Zone 4 As you enter the second half of the upstroke phase, think about initiating your downstroke. "Many riders don't initiate early enough," says Carver, who often sees riders wait until 3 o'clock--but they should be starting before 12 o'clock. A tip: As you begin to come across the top of the stroke, think about pushing your knee forward, toward the bar. But only your knee, says Carver: "Your pelvis should remain a stable platform, not sinking down and not moving forward." As the knee comes forward, you should feel your hamstrings and glutes engage, and your hip extend.

Sunday, December 7, 2008

Competitive Cycling in USA Growing

Colorado Springs, Colo. (December 4, 2008)—The sport of competitive cycling in the United States continues to grow according to the latest figures released today by USA Cycling.
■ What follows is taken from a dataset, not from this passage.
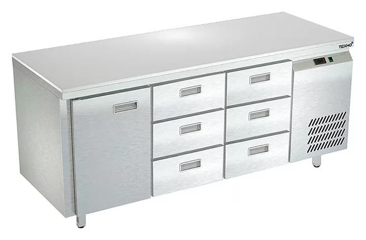 Морозильный стол Техно-ТТ СПБ/М-522/16-1806 предназначен для раскатки теста, обработки, заморозки и долговременного хранения продуктов, полуфабрикатов, напитков и мороженого на предприятиях общественного питания и торговли. Модель оснащена 1 секцией с дверью и регулируемой полкой-решеткой, 2 секциями с 6 ящиками, направляющими с доводчиками (Австрия), петлями-доводчиками (Польша) и круглыми ножками, регулируемыми по высоте на 50 мм (Италия). Корпус выполнен из нержавеющей стали AISI 430, задняя стенка и дно - из оцинкованной стали, столешница - из полипропилена.

For the sixth consecutive year, the number of licensed competitive cyclists has risen compared to the previous year, while the number of registered clubs and event sanctions also increased. Collectively, these categories represent the popularity of bike racing in America from a participation standpoint.

At the close of the 2008 license sales season on November 30, USA Cycling listed 63,280 licensees, a 2.9% increase over last year. In similar fashion, the number of sanctioned clubs rose 1.8% as USA Cycling listed 2,155 teams among its constituents. USA Cycling also sanctioned 2,551 events, a 3.1% jump from a year ago.

The growth in membership continues a six-year trend which has seen the number of licensed racers in America increase by 48% since 2002. Over that same period of time, the number of events sanctioned by USA Cycling has risen by 50%, while affiliated clubs have grown by 30%.

Many of the sport’s insiders point to the success and popularity of American athletes in cycling’s most notable events, such as the Tour de France and the Olympic Games, as a primary factor in the sport’s recent boom. The most significant growth occurred throughout Lance Armstrong’s dominant seven-year winning streak at the Tour de France between 1999 and 2005, while success by several other Americans on the sport’s biggest stage since then has encouraged continued interest. If history is any indication, cycling is poised for similar growth in 2009 following a five-medal performance in Beijing – the most successful ever for a U.S. Cycling Team at a non-boycotted Olympic Games – as well as a return to competitive cycling and the Tour de France by Armstrong. Factor in the 13 major internationally-sanctioned professional men’s and women’s races set to take place in the U.S. next year, as well as Armstrong’s commitment to race in February’s Tour of California, and the notoriety of the sport on U.S. soil next season is sure to reach new heights.

“Once again, we’re excited to witness continued growth in the sport of cycling,” commented Steve Johnson, CEO of USA Cycling. “The market for amateur sport in the United States is a competitive one with so many choices and opportunities available to athletes these days. That said, to experience another year of increased participation is very rewarding. Looking ahead, with the continued expansion of professional cycling opportunities both domestically and abroad, we hope and expect this growth trend to continue throughout 2009 and beyond.”

Broken down by specific disciplines and types of licenses, road, track and cyclo-cross grew by 3.2%, while mountain bike increased 1.2%. The number of professional riders in the U.S. rose 6.3% and the amount of student-athletes competing for collegiate clubs jumped 2.5%. Of all of its licensees, USA Cycling’s largest increase was in the number of licensed bike race officials, a figure that rose 17.6%.